CONTRIBUTION

Introduction

From a more fundamental perspective, our project shows a practical and efficient way to utilize AI in synthetic biology, which is a pure invention and has not been proposed before as far as we know [1]. We provide a excellent performing AI model that can generate promoter sequences with specific expression rate, which will help fasten the commercialization of synthetic biology. Furthermore, we proved that through our ‘pre-train + fine-tuning’ paradigm, synthetic biologists can fully utilize limited data generated in experiments to generate high-performing AI model. Meanwhile, our paradigm is very biologists-favored, which means high professional model building skills are not requirements in our paradigm to persue a high-performing AI model [2].

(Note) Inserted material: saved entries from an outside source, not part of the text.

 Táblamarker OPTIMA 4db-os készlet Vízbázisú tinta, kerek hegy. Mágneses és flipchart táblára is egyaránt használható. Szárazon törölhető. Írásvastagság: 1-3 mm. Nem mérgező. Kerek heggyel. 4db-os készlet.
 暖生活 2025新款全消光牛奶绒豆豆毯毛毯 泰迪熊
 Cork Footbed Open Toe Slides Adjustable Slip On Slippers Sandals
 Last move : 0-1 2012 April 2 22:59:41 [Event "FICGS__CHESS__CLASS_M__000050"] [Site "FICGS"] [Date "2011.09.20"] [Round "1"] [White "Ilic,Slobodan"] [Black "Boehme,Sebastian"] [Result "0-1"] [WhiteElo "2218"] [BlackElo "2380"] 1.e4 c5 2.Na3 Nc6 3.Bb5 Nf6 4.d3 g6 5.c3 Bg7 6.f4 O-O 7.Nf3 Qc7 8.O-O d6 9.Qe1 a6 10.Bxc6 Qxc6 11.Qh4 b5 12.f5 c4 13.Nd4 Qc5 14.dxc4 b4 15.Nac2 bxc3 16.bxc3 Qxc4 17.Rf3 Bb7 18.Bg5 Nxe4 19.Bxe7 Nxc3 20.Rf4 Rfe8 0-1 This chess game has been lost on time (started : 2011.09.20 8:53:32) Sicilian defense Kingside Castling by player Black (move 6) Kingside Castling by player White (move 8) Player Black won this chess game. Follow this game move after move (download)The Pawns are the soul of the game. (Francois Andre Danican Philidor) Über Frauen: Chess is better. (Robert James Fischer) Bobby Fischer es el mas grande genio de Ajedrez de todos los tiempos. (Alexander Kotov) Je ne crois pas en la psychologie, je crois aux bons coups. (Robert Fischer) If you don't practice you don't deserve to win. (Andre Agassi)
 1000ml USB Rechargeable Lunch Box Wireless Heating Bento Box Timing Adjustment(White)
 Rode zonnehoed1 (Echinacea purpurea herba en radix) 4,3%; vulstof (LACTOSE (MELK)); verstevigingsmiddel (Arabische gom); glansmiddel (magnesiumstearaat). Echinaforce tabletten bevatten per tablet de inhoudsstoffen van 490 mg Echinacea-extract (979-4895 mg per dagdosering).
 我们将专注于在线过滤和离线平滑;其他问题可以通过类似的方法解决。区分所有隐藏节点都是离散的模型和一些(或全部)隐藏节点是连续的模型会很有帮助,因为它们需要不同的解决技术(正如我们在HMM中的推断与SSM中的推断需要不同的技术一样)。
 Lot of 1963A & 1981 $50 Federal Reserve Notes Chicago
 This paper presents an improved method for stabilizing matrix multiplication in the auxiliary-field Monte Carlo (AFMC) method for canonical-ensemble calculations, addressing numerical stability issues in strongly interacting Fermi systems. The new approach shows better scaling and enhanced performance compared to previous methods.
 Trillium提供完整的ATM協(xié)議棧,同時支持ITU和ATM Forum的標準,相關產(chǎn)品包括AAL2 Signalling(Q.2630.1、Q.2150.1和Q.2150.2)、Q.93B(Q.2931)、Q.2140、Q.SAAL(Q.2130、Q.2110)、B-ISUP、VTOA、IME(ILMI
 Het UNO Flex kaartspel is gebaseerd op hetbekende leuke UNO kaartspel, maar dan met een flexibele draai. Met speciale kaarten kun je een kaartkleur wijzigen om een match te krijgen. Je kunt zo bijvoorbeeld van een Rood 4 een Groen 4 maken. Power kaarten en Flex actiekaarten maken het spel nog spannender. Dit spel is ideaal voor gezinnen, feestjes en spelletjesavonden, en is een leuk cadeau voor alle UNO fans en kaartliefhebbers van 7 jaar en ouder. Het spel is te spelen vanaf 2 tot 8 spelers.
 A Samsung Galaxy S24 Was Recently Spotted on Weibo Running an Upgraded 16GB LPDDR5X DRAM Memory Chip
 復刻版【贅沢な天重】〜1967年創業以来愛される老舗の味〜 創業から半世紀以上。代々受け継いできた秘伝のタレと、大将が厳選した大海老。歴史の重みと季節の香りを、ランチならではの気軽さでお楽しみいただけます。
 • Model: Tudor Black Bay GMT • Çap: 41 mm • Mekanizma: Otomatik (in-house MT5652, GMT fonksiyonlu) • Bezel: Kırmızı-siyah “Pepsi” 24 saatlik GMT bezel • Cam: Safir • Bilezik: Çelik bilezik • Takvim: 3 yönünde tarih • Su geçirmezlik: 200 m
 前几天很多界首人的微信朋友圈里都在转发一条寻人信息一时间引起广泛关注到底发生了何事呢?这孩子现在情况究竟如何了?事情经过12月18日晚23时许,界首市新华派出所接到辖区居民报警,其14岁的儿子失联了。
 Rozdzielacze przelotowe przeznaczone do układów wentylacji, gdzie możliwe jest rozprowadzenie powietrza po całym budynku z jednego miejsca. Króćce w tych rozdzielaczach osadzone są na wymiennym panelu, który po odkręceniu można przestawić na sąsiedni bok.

Trough our project, we hope we can introduce a tighter bound between synthetic biology and AI, pushing forward the boundary of AI for biology.


At the mean time, our artificial intelligence product Pymarker has shown its ability in tackling real challenges. Currently, significant breakthroughs have been achieved in the application of brewing yeast in the field of biotechnology. One of them is the production of the heat-labile toxin B subunit (LTB) of Escherichia coli using brewing yeast. LTB is an important oral vaccine adjuvant widely used to prevent various diseases such as cholera, traveler’s diarrhea, and E. coli infection. LTB produced by brewing yeast has good safety and immunogenicity. Compared traditional LTB production methods, such as the E. coli expression system, LTB produced by brewing yeast is purer and does not contain residual host cell materials and endotoxins. At the same time, LTB produced by brewing yeast shows good immunogenicity in oral vaccines, effectively activating the immune system and inducing specific immune responses [3].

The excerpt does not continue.